Create Your Safety Plan

Every family has their own safety routines for their child with autism. Over the years, my husband, Jonathan, and I have learned and implemented various tools, tips, and technologies into a cohesive safety plan for Jenna. For example, we know that every time we enter a room, we assess available exits and create a strategy that ensures Jenna is continuously monitored by one of us. We keep a window decal on Jenna’s side of the car that alerts first responders that Jenna is unable to communicate her needs in the event of an accident, and we take photos of her, almost daily, in case she wanders off and we need to tell responders what she was wearing.

Aides

Often, parents assume that a 1:1 aide will be able to handle whatever safety issues arise and make modifications on the fly. It is important to be sure that the aide is well trained and equipped to support your child in a variety of emergency situations. Does your child’s aide carry emergency essentials that your child might require (lollipops to stay quiet during lockdown, fidget toys to stay occupied, first aide items)? Has he/she been trained in all safety protocols and equipped to carry them out? Does he/she have keys to the classroom door? What about communication capability (i.e radio, cell phone, office call button, access to the PA system)? Or a wheelchair or “stair chair” to assist in transporting or evacuating your child if necessary?

Other useful resources we’ve incorporated into our safety routines include:

IEP’s

Most parents don’t realize they can have safety goals and emergency plans outlined in their child’s IEP. Always discuss your child’s specific needs with the school administration and Special Education director to put a detailed plan in place.

Tracking Device

We use the SafetyNet tracking device to help keep our daughter safe. Worn on a child’s ankle or wrist, this device ensures that should she wander off while wearing the tracker, police/fire department can quickly locate her.

Similarly, many parents use the Life360 app for children who have their own smartphone.

Alarm System

We installed an active alarm system in our home that instantly alerts us whenever a door or window opens.
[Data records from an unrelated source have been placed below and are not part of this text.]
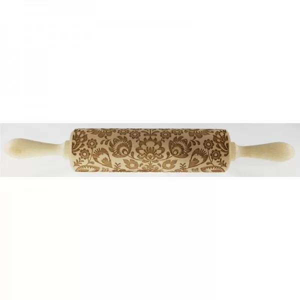 Ekologiczny drewniany, grawerowany wałek wzorem FOLKLOR.
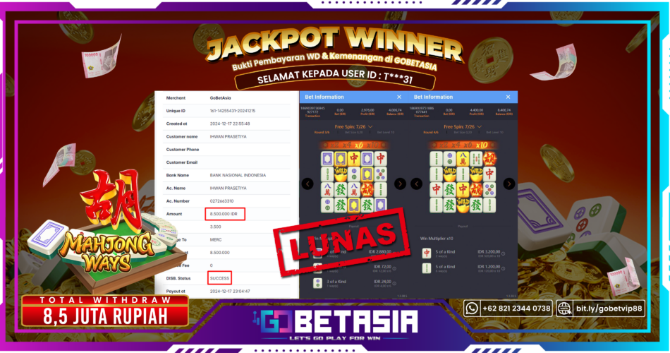 Dengan bukti pembayaran ini kami menyatakan bahwa GOBETASIA adalah bandar terpercaya 100% PASTI BAYAR. Dengan pembayaran ini kami berani menjamin bahwa setiap kemenangan yang anda dapatkan bermain di GOBETASIA akan dibayar secara lunas tanpa adanya embel-embel pemblokiran akun.
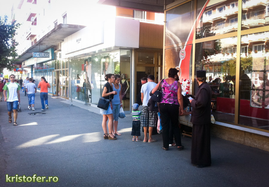 Va mai amintiti de postul din luna mai in care vorbeam despre miruirea la colt de strada? Arhiepiscopia Romanului si Bacaului spune ca astfel de practici sunt interzise si ca cei care recurg la asemenea actiuni sunt doar niste impostori. Impostori sau nu, azi era aglomeratie la „taraba sfanta” din centrul Bacaului (foto jos).
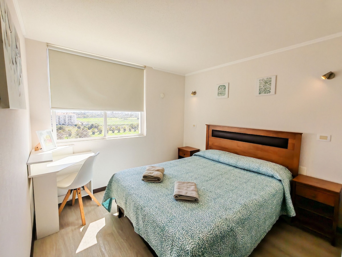 Disfruta de una excelente ubicación a una cuadra de la playa y a pasos del casino Enjoy. Cerca de restaurantes, cafeterías y bares ubicados en la costanera de La Serena. El condominio rodeado de áreas verdes, cuenta con piscina, quincho, estacionamiento, ascensor y conserjería 24 hrs. Completamente equipado, el departamento cuenta con 2 habitaciones, una con cama matrimonial y la otra adecuada como espacio de trabajo con escritorio. Sábanas y toallas incluidas. Smart TV y WiFi.
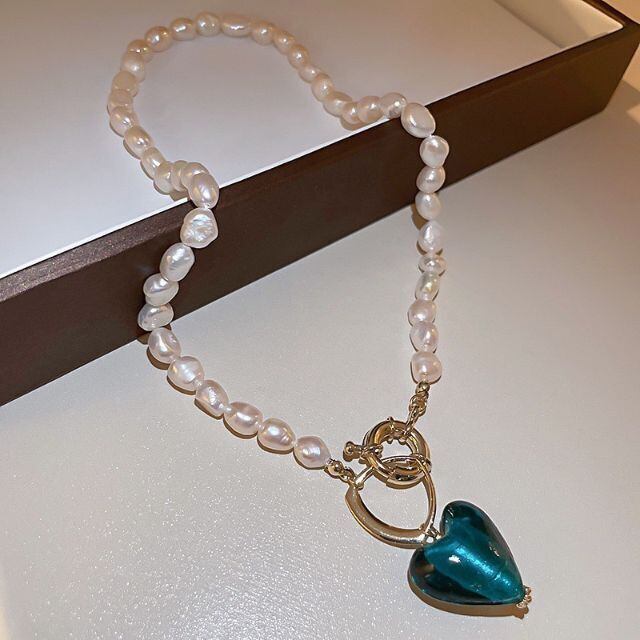 高品質 淡水パール ブルー ハートバロック パール ネックレス 小粒
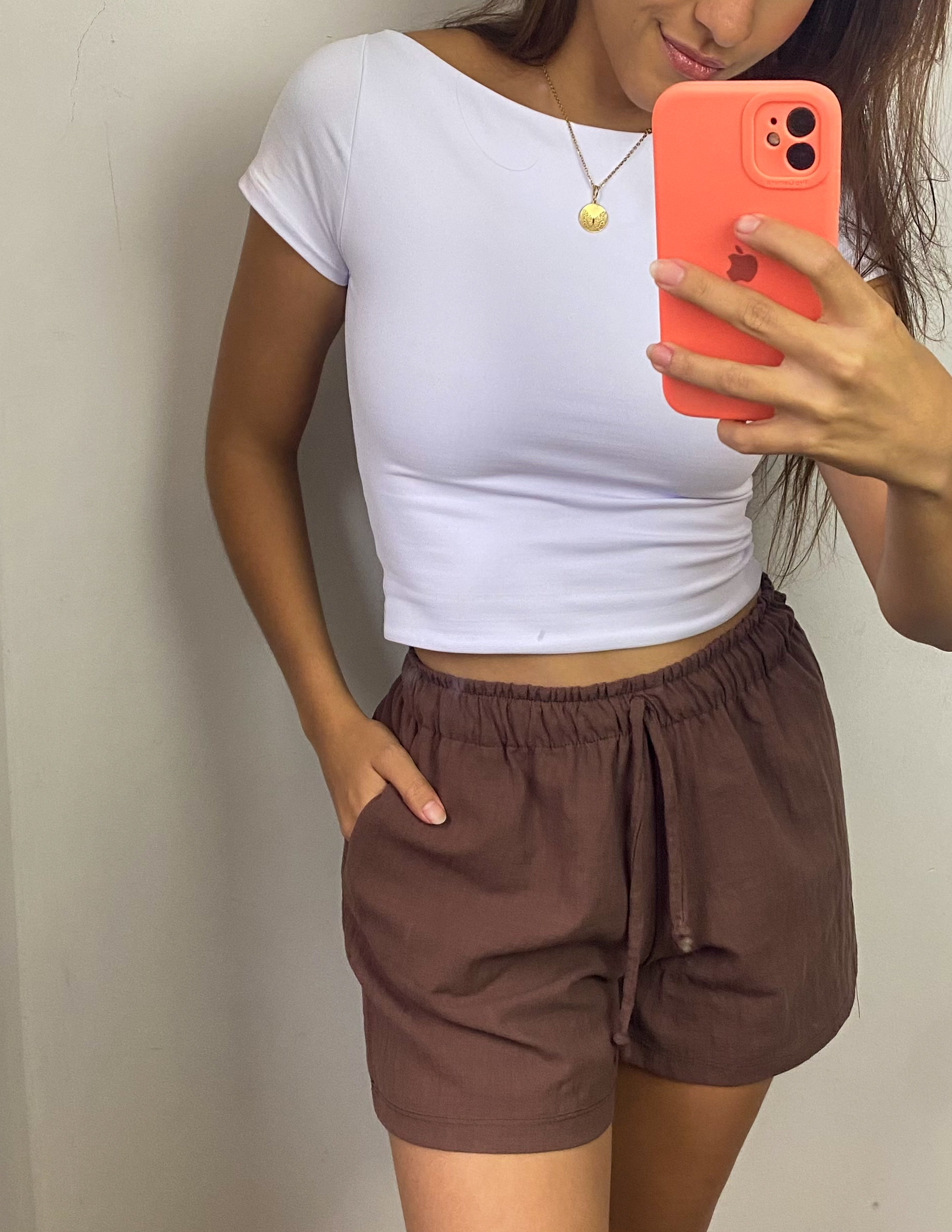 Com caimento leve e design básico, é aquele essencial que combina facilmente com cropped, t-shirts ou regatas, garantindo estilo sem abrir mão do conforto.
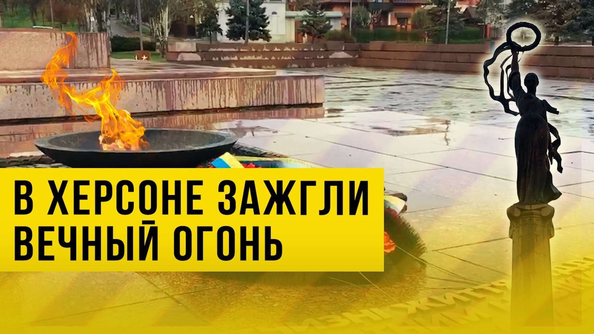 День освобождения Херсона (отмечается 13 марта) также проходил без Вечного огня. На этой неделе огонь снова зажгли. Памятники в Херсонской области приводят в порядок сотрудники Росгвардии. По словам Росгвардейцев, в целом памятники в хорошем состоянии, местные жители заботились о них по мере собственных сил.
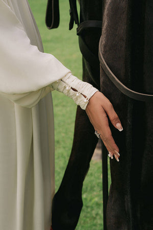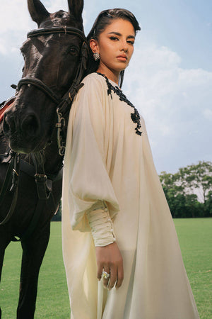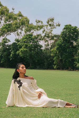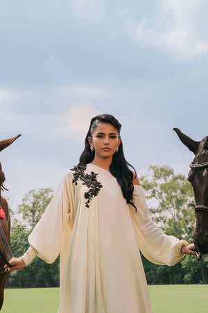 A breathtaking ivory silhouette, elegantly flowy, features intricate black embellished motifs that are gracefully placed along the shoulder. The outfit is complemented by fitted cuffs and details, which serve to enhance its overall aesthetic appeal.

The alarm enables us to respond quickly should Jenna wander off.  There are many low tech ways to alarm the doors of your home, from hanging bells to installing individual door alarms that you can find at your local hardware store.

Car Locks

Keep those “kid safety locks” on at all times to ensure your child can’t open the car door while the vehicle is in motion. Yes, you will inevitably inadvertently lock your adult friends in your backseat at some point – they will forgive you.

Partnering with First Responders

Our town offers the Erin Program; a program created specifically for special needs families. Parents create an emergency profile for their child to help first responders in the event of an emergency. All personal information is securely stored and not made public. Contact your local police or fire department to see if your town offers this program or something similar.
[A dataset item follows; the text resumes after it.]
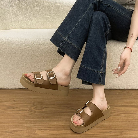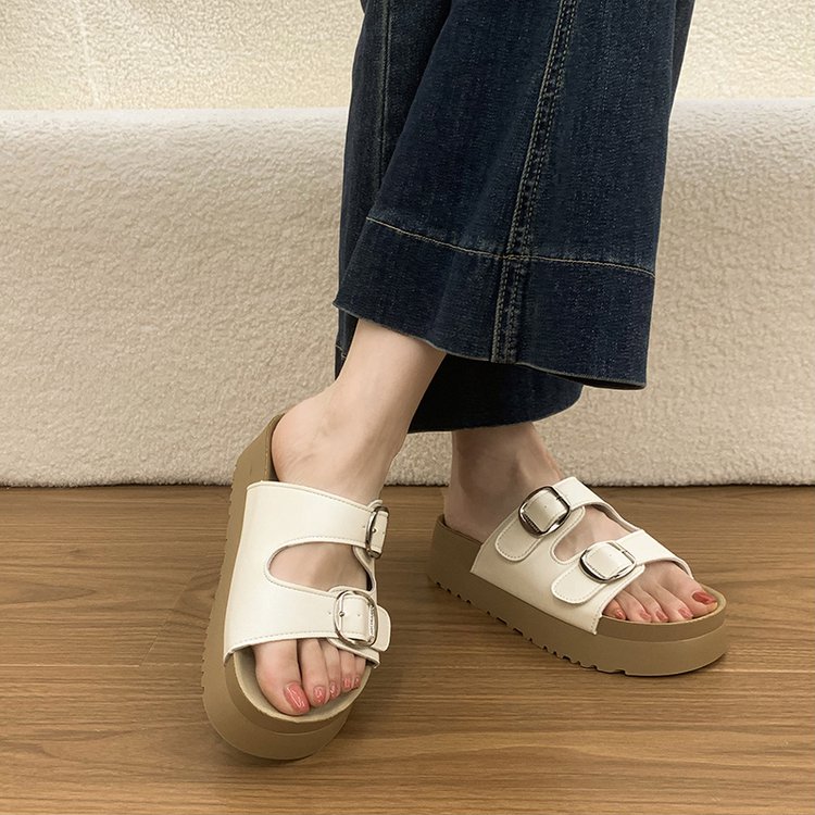 Heel Height: Mid Heel (3-5cm)Heel Type: FlatOutsole Material: RubberStyle: One-Strap BuckleUpper Material: PU
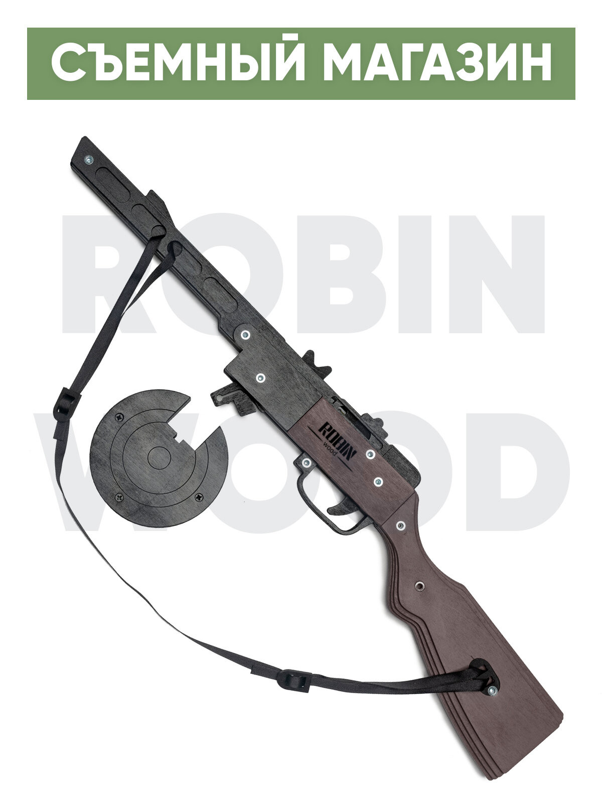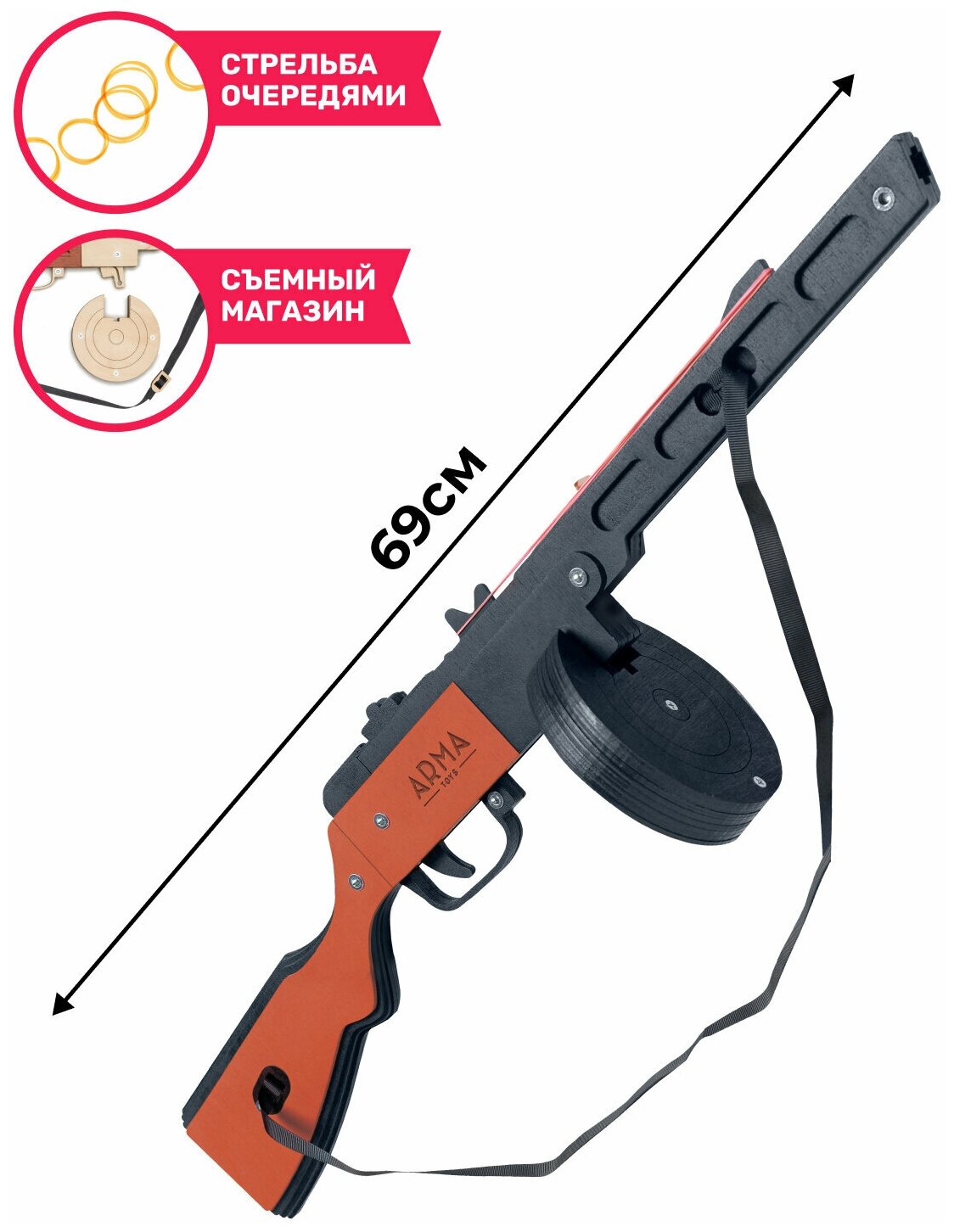 Автомат-резинкострел ППШ со съемным магазином и стрельбой очередями от ARMA. TOYS — деревянный, покрашен под настоящий

No matter how many apps we download or strategies we implement, we will always worry about our children and their safety – as all parents do. However, for parents of children with autism, continuously tapping into the resources available to us can deliver the much-needed peace of mind that we are doing everything we can to advocate for and protect our kids at all times.


Susan Parziale is the Administrative Coordinator for Safe and Sound Schools and lives in Boston.